Hamburg. Die russische Pianistin spielt im Kleinen Saal der Elbphilharmonie späte Werke von Franz Liszt – ohne Tastenglitzer und mit einem klaren Plan.

Ein ganzes Programm nur mit Klaviermusik von Liszt zu bestreiten, ist ziemlich speziell. Das muss man schon wollen. Aber auch können. Und Yulianna Avdeeva kann.

Die russische Pianistin fokussiert sich im Kleinen Saal der Elbphilharmonie vor allem auf Werke aus der späten Schaffensphase des Komponisten, in der er dem virtuosen Tastenglitzer abgeschworen hat und stattdessen eher karge Stücke schreibt. Da gebe es „keine Melodien mehr, nur noch Stimmungen“, erklärt Avdeeva in ihrer Moderation – und spürt diesen Stimmungen sensibel nach.

Mit feinem Klangsinn erkundet sie die dunklen Farben der Musik. In „La lugubre gondola“ beschwört sie das Bild einer venezianischen Trauergondel, deren Umrisse sich hinter einem Nebelschleier abzeichnen. Mit „Unstern!“ gründelt sie in tiefer Seelendüsternis. Und in den Rhythmen des „Csárdás macabre“ scheint sich bei ihr der Teufel in Ekstase zu tanzen. Ganz schön morbide, ganz schön düster, das alles.

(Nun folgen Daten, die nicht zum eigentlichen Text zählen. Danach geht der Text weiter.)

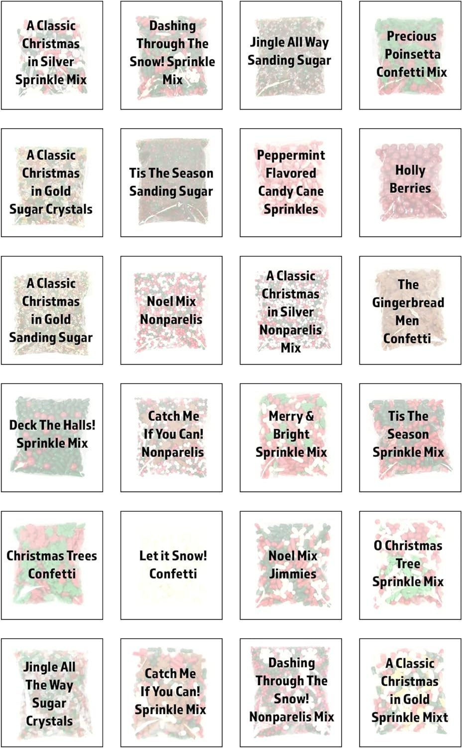 Delight young and old with the Mystic Sprinkles 24 Days of Sprinkles! Advent Calendar. Each Calendar measures 11″ x 8″ x 1″. Behind each door of this adorable calendar is one of 24 single servings of Holiday themed dessert toppings! Your recipient will receive 1.5 teaspoons (a generous serving and a half!) of toppings like: sprinkles, nonpareils, edible confetti, & sugars. Making every night leading up to Christmas just a little bit sweeter!
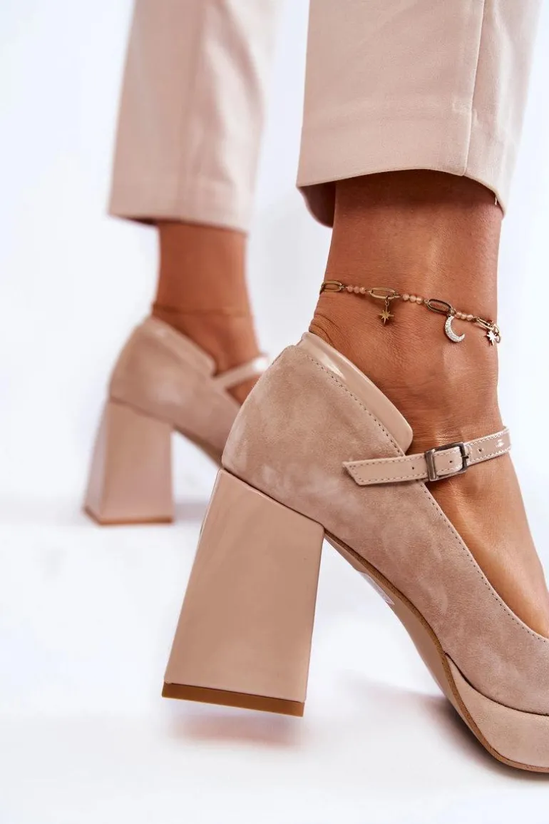 Wyjątkowe czółenka wykonane z wysokiej jakości naturalnej skóry. Posiadają regulowany pasek zapinany na sprzączkę. Osadzone na masywnym, wyższym obcasie w postaci klocka. Zapiętek jest usztywniany, a nosek kwadratowy. Miękka wkładka zapewnia wygodę podczas użytkowania. Dodatkowo buty posiadają delikatną platformę. Świetny model na różnego rodzaju uroczystości. Przy wyborze rozmiaru prosimy sugerować się tabelą rozmiarów.

Wenn Yulianna Avdeeva die Pranke auspackt – dann geht‘s nur um Musik

Nur in der Legende vom Heiligen Franziskus, der auf seinem Mantel das Meer überquert, scheint auch mal die Sonne – nachdem ein Sturm getobt hat, in dem der Flügel rauscht und donnert. Ja, Kraft hat Yulianna Avdeeva auch, und zwar nicht zu knapp, sie packt die Pranke aus, wenn es das Stück will, macht daraus aber keine Show. Ihr geht’s nur um die Musik. Und dafür hat sie einen klaren Plan.

Wer sich in der ersten Hälfte vielleicht etwas mehr Licht und Süße gewünscht hätte, merkt nach der Pause, dass sie das bloß aufgespart hat. Für die h-Moll-Sonate von Liszt, das Hauptwerk des Abends. Da gönnt Avdeeva sich und dem Publikum auch Phasen der Verzückung. Wenn sie eine verträumte Melodie auskostet, mit weichem Anschlag, ganz entrückt, als hätte sie alle Zeit der Welt.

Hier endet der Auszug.